CART cell therapy for prostate cancer: status and promise

Haiyuan Yu 1,*, Jun Pan 1,*, Zhicheng Guo 1, Chunhua Yang 1,2,, Lijun Mao 1,2,
PMCID: PMC6322708  PMID: 30655675

Abstract

In recent years, the, chimeric antigen receptor T (CAR-T) cell therapy as an adoptive immunotherapy has received great attention and made great breakthroughs. CAR-T cells show great specificity, targeting, and less major histocompatibility complex restriction in tumor immunotherapy, significantly different from traditional T cells. In spite of the progress of CART-T technology in the treatment of lymphoma, leukemia, and other blood system tumor, there are still many difficulties in the treatment of solid tumors by CAR-T technology. In this review, we will make a brief summary of the present situation of CAR-T cells in the treatment of prostate cancer, and discuss the promise of the application of this technology to prostate cancer therapy.

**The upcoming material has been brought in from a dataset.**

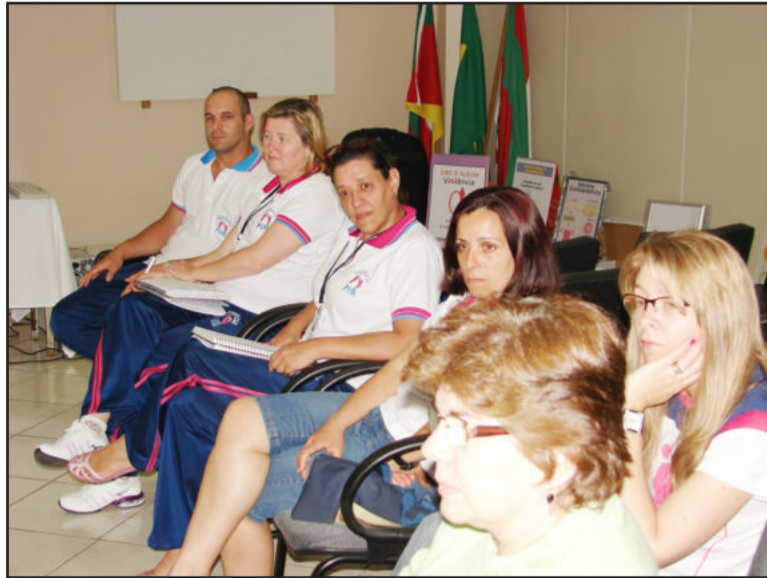
Equipe do PIM de Teutônia recebeu comitivas junto ao auditório da CIC

Em Teutônia, o Programa Primeira Infância Melhor (PIM) foi implantado de forma experimental em 2008. A atu-

Keywords: prostate cancer, CAR-T cells, adoptive immunotherapy, review

Introduction

With the improvement of human living standard and the increase of life expectancy, the incidence of prostate cancer in the middle-aged and elderly males is increasing. Prostate cancer has become the most common tumor among males in Europe and the USA.1 Due to the lack of full understanding of the pathogenesis of prostate cancer, most patients are in the middle and late stage when the tumor is diagnosed and miss the best time for surgical therapy. Consequently, prostate cancer has high mortality. Androgen deprivation therapy is effective for the treatment of early stage prostate cancer because of the characteristics of androgen dependence in early development of prostate cancer. However, after androgen deprivation therapy, most of the patients develop castration-resistant prostate cancer (CRPC), which will finally develop into the metastatic castration-resistant prostate cancer (mCRPC).2 The development of mCRPC may be related to androgen receptor gene amplification, and regulatory factors of androgen receptors are abnormally expressed in prostate cancer.3 There is still no effective treatment for patients with CRPC.4

The chimeric antigen receptor T cell (CAR-T) therapy has gained great attention due to the advantages of CAR-T cells in the treatment of malignant tumors of the blood system and has achieved great breakthroughs.5,6 CAR-T technology provides a new way for the treatment of malignant solid tumors including prostate cancer. Up to now, there are only two ongoing clinical trials for prostate cancer CAR-T therapy. One is a Phase I trial of prostate-specific membrane antigen (PSMA)-targeted CAR-T in mCRPC patients (NCT01140373). Another (NCT03089203) is a Phase I trial of “CART-PSMA-TGFβRDN Cells for CRPC” to evaluate the safety and feasibility of intravenously administered, lentivirally transduced, dual PSMA-specific/TGFβ-resistant, CAR-modified autologous T cells (CART-PSMA-TGFβRDN cells) in mCRPC patients.7 However, there are still many difficulties in the treatment of solid tumors by CAR-T technology. In this review, we make a systematic summary of the present situation of CAR-T cells in the treatment of prostate cancer and discuss the promise of the application of this technology to prostate cancer therapy.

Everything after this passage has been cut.